Plaintiffs argue that under the laws of the Philippine Islands, to proceed against a corporation,
as such, criminally, to bring it into court for the purpose of making it amenable to the criminal
laws. The plaintiff, further attacking said process, alleges that the process is a mixture of civil
and criminal process, that it is not properly signed, that it does not direct or require an arrest;
that it is an order to appear and answer on a date certain without restraint of the person, and
that it is not in the form required by law.The court denied the motion and proceeded to hear the
case.

Issue:
Whether or not he court may, of itself and on its own motion,create not only a process but a
procedure by which the process may be made effective.
Held:
While having the inherent powers which usually go with courts of general jurisdiction, they have
only such authority in criminal matters as is expressly conferred upon them by statute or which it
is necessary to imply from such authority in order to carry out fully and adequately the express
authority conferred. The Courts of First Instance do not have authority to create new procedure
and new processes in criminal law. The exercise of such power verges too closely on legislation.

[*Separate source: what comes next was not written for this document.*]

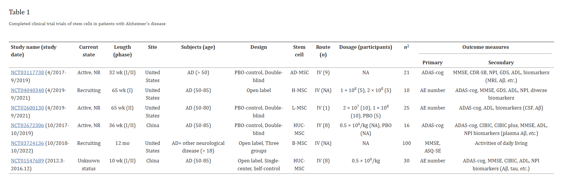 Aβ:淀粉样蛋白-β;AD:阿尔茨海默病引起的痴呆症;ADAS-Cog:阿尔茨海默病评估量表-认知分量表;AE:不良事件;NPI:神经精神病学量表;CSF:脑脊液;AD-MSC:自体脂肪组织来源的间充质干细胞;H-MSC:人间充质干细胞;L-MSC:白血病间充质干细胞;B-MSC:骨髓间充质干细胞;HUC-MSC:人脐带血间充质干细胞;ADL:日常生活活动;NA:不可用;CDR-SB:临床痴呆评定量表的总和;GDS:老年抑郁量表;MMSE:最低精神状态检查;CIDIC:Composite International Diagnostic Interview Core;PBO:安慰剂;IV:静脉内;ASQ-SE:年龄和阶段问卷-社会-情感。

Even though it be admitted that there are various penal laws in the Philippine Islands which
corporation as such may violate, still the courts are not authorized to go to the extent of creating
special procedure and special processes for the purpose of carrying out those penal statutes,
when the legislature itself has neglected to do so.

To bring a corporation into court criminally requires many additions to the present criminal
procedure. While it may be said to be the duty of courts to see to it that criminals are punished,
it is no less their duty to follow prescribed forms of procedure and to go out upon unauthorized
ways or actin an unauthorized manner.
There are many cases cited by counsel for the defendant which show that corporations have
been proceeded against criminally by indictment and otherwise and have been punished as
malefactors by the courts. Of this, of course, there can be no doubt; but it is clear that, in those
cases, the statute, by express words or by necessary intendment, included corporations within
the persons who could offend against the criminal laws; and the legislature, at the same time
established a procedure applicable to corporations.
It is adjudged that the Court of First Instance of the city of Manila be and it is enjoined and
prohibited from proceeding further in the criminal case so far as said proceedings relate to the
said West Coast Life InsuranceCompany, a corporation, the plaintiff in the case.